WORK REQUEST: Return only that part of the material below which starts with the line containing "- Rozměry (nevysunuté): 223" and goes on through the line containing "Dreckige Tasse (ja, die", restated exactly.

DATA FOR PROCESSING:
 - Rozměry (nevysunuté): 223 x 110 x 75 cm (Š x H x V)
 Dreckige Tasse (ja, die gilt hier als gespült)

* * *

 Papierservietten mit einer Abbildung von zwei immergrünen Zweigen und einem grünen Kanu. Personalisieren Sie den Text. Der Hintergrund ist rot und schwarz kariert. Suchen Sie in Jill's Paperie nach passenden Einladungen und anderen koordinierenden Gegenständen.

==

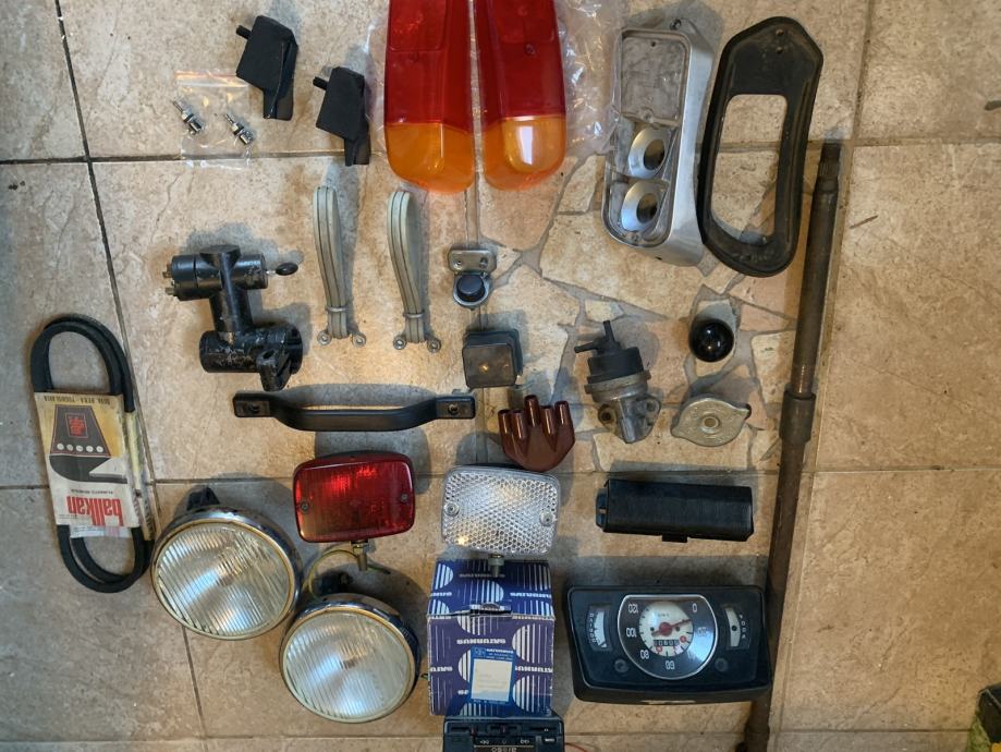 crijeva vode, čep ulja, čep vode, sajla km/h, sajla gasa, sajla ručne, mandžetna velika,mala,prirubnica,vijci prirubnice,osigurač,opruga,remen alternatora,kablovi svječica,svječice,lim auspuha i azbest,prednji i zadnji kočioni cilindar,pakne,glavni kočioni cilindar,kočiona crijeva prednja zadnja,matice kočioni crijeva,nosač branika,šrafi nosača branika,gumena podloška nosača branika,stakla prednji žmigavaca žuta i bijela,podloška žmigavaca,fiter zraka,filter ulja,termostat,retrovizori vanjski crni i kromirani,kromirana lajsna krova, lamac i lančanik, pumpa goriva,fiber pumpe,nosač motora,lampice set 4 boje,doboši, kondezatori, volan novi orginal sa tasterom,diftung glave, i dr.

ANSWER SECTION:
 - Rozměry (nevysunuté): 223 x 110 x 75 cm (Š x H x V)
 Dreckige Tasse (ja, die gilt hier als gespült)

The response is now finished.